Я сидел в ванной, пока вода совсем не остыла, а потом замотался в полотенца и занялся собой – брился, одевался, причесывался. Заниматься этим здесь, в окружении женских тюбиков и флакончиков, которыми была заставлена тумбочка у окна и полочки в аптечке, доставляло мне особое удовольствие. Красная зубная щетка, торчащая из своего гнезда над раковиной, губная помада в пластмассовых трубочках с золотым ободком, кисточка для туши и карандаш для ресниц, коробочка с тампонами, аспирин, нить для зубов, туалетная вода «Шанель № 5», полоскание для рта, – все эти мелочи вводили меня в интимный мир Альмы с его уединенностью и созерцательностью. Она глотала эти таблетки, втирала в кожу эти кремы, расчесывалась этой щеткой. Каждое утро она смотрелась в это зеркало. Что я о ней знал? Практически ничего, но я уже боялся ее потерять и, если надо, готов был драться за то, чтобы наше завтрашнее расставание не стало последним. Меня подвело мое неведение.

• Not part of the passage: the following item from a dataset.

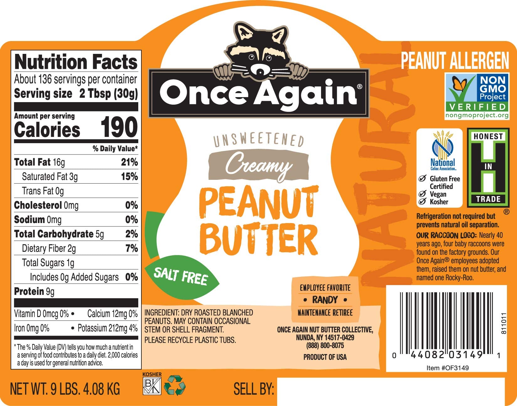 Once Again Natural, Creamy Peanut Butter, 9Lb Bucket (Same As 9 Jars) - Salt Free, Unsweetened - Gluten Free Certified, Vegan, Kosher, Non-Gmo Verified

Понимая, что в доме неблагополучно, я не мог в полной мере оценить, насколько Альма ожесточилась против Фриды, и, как следствие, не отдавал себе отчета в серьезности положения. Накануне вечером я сидел с ними за кухонным столом, и все шло тихо-мирно. Альма была подчеркнуто внимательна к Фриде, та деликатно попросила Альму переночевать в большом доме, все происходило по-семейному. А с другой стороны, нет ничего необычного в том, что близкие люди порой срываются друг на друге, могут под горячую руку сказать такое, о чем после пожалеют. Но очень уж взрывной была реакция Альмы, а угроза насилия, прозвучавшая в ее словах, я бы сказал, и вовсе нетипична для женщины ее круга. Я так зла на нее… так бы, кажется, и врезала. Интересно, как часто ей приходилось такое говорить? Что это было, природная склонность к необдуманным, резким преувеличениям или проявление трещины, возникшей в ее отношениях с Фридой, неожиданный выплеск враждебности, скрывавшейся годами? Знал бы – не спрашивал. Воспринял бы тогда слова Альмы всерьез и понял: это тревожный звонок, ситуация выходит из-под контроля.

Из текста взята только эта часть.